(Beginning of Provided data)
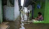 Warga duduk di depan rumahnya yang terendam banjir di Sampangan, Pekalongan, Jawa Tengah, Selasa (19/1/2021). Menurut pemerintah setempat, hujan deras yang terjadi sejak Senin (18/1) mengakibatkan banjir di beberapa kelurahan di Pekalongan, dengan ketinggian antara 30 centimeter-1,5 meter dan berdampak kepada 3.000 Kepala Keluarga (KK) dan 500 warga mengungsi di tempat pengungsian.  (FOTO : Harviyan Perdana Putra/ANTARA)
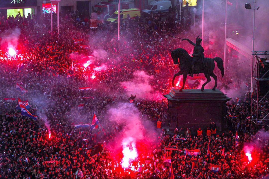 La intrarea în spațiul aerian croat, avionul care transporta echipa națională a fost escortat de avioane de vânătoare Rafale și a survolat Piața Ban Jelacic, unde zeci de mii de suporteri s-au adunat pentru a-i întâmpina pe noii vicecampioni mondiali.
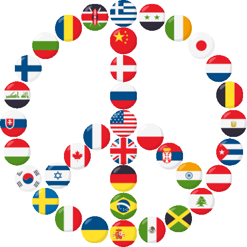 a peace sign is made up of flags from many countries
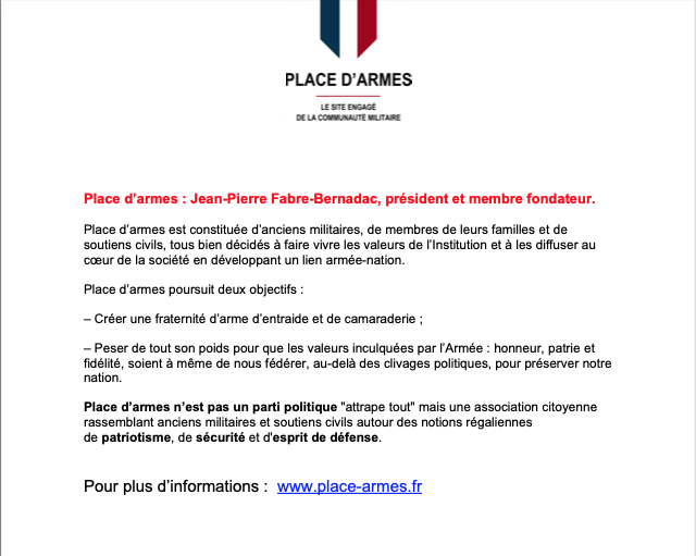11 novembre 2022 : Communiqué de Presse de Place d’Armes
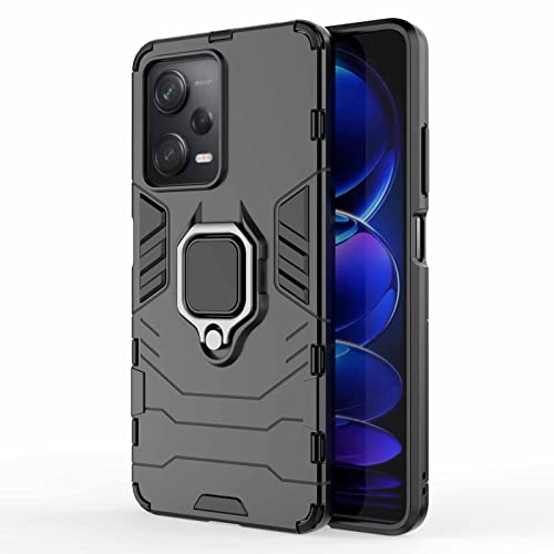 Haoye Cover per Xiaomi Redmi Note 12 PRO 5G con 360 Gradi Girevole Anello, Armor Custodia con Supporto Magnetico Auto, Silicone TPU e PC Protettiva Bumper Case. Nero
(End of Provided data)
(Beginning of Provided data)
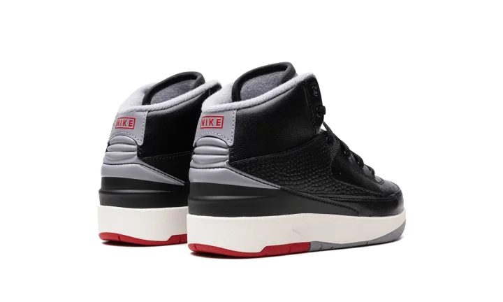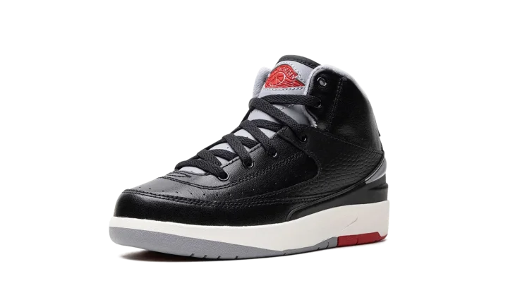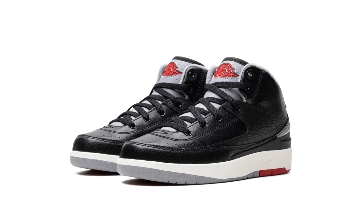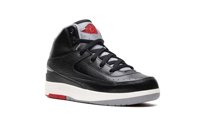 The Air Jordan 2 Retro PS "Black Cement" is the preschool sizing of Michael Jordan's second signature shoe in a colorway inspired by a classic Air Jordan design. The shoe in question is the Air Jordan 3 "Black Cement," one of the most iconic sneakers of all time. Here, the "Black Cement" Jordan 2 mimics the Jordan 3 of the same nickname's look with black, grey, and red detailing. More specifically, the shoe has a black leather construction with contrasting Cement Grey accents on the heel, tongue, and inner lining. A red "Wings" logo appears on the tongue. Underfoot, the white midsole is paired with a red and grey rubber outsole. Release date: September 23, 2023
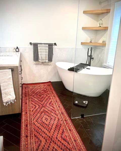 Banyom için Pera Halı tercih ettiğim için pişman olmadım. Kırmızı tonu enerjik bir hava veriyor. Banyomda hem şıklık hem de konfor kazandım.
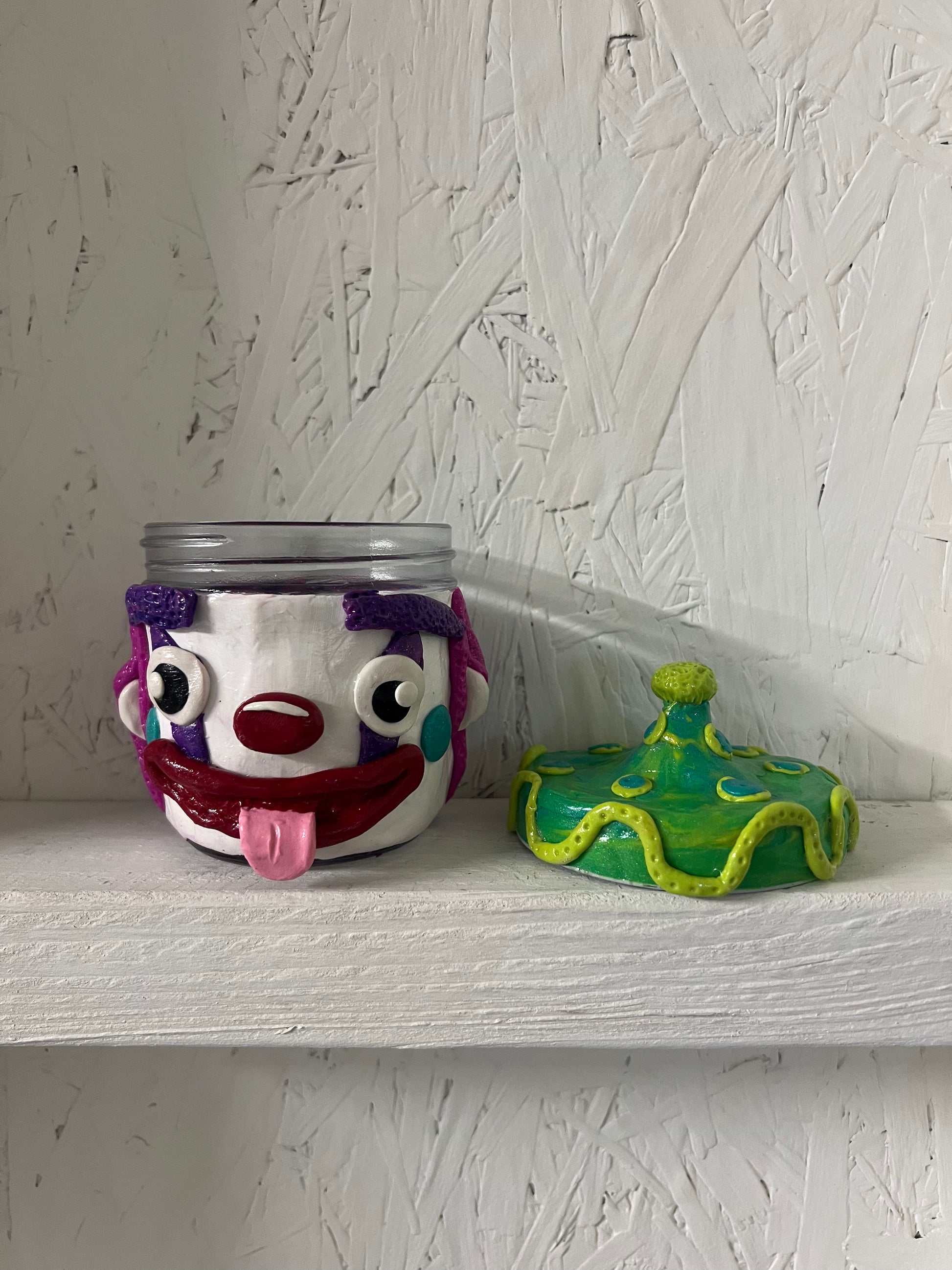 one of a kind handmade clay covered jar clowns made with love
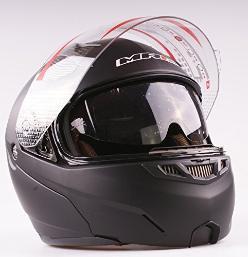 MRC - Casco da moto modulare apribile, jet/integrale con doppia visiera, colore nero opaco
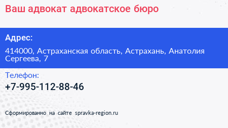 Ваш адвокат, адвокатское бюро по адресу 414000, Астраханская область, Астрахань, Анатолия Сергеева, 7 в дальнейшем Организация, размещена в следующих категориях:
(End of Provided data)
▶ [Assigned task]: From the listing above, please give again the lines that begin with the line holding "a peace sign" and go on through the line holding "Haoye Cover per", exactly, both ends included, minus any picture.

▶ [Output for this task]:
 a peace sign is made up of flags from many countries
11 novembre 2022 : Communiqué de Presse de Place d’Armes
 Haoye Cover per Xiaomi Redmi Note 12 PRO 5G con 360 Gradi Girevole Anello, Armor Custodia con Supporto Magnetico Auto, Silicone TPU e PC Protettiva Bumper Case. Nero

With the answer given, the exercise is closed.